I wouldn't say "most accurate", but it's at least a legitimate romanization. Here comes the linguistics:
The Chinese character 閻 /yán/ (pronounced [jɛn] in Mandarin) was originally brought to Japanese with the pronunciation gloss ヱン /wen/, pronounced [jeɴ]. Over the centuries, エ /e/ and ヱ /we/ first merged into [je], then reduced to vowel-only [e], leaving [eɴ] for 閻. As stated previously, this is similar to using the spelling <yen> for 圓/円, which is /yuan/ (as in the currency, pronounced [ɥɛn]) in Mandarin; it was glossed as ヱン /wen/ (pronounced [jeɴ]) in Japanese, but merged with /en/ in due time, which accounts for the English spelling <yen> vs. the modern Japanese pronunciation [eɴ].

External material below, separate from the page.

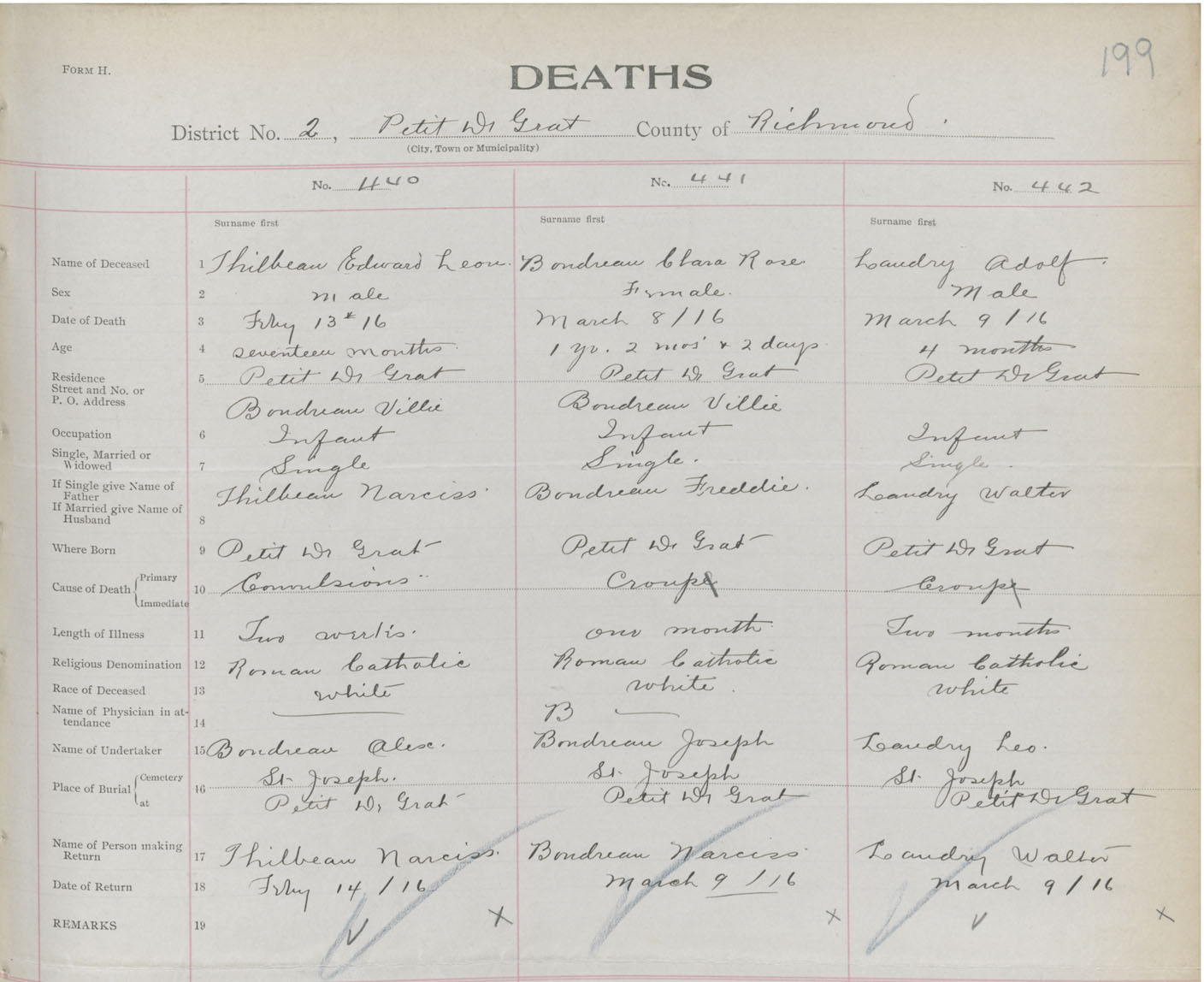 Male Death Registration: Year: 1916 book: 47 page: 199 number: 442

Meanwhile, ン /n/ is a closed nasal whose position relates to its phonological environment; it defaults to [ɴ] (like English <ng> /ŋ/ but farther back in the throat), but becomes [m] before labial consonants /m, p, b/.* Depending on the romanization system, it is either left as <n> or respelled with <m>, so that 閻魔 (pronounced [emma]) can be written <enma> or <emma> with equal justification.
* It is also [n] before coronal consonants /t, d, n, s, z, tɕ, dʑ, ɺ/, [ŋ] before velar consonants /k, g/, and, if followed by a vowel, it may fuse with its preceding vowel to produce a nasal articulation, or transposed such that 雰囲気 /hun.iki/ is pronounced as [ɸuiŋki].
Thus, <yemma> is a perfectly legitimate romanization, though archaic and idiosyncratic.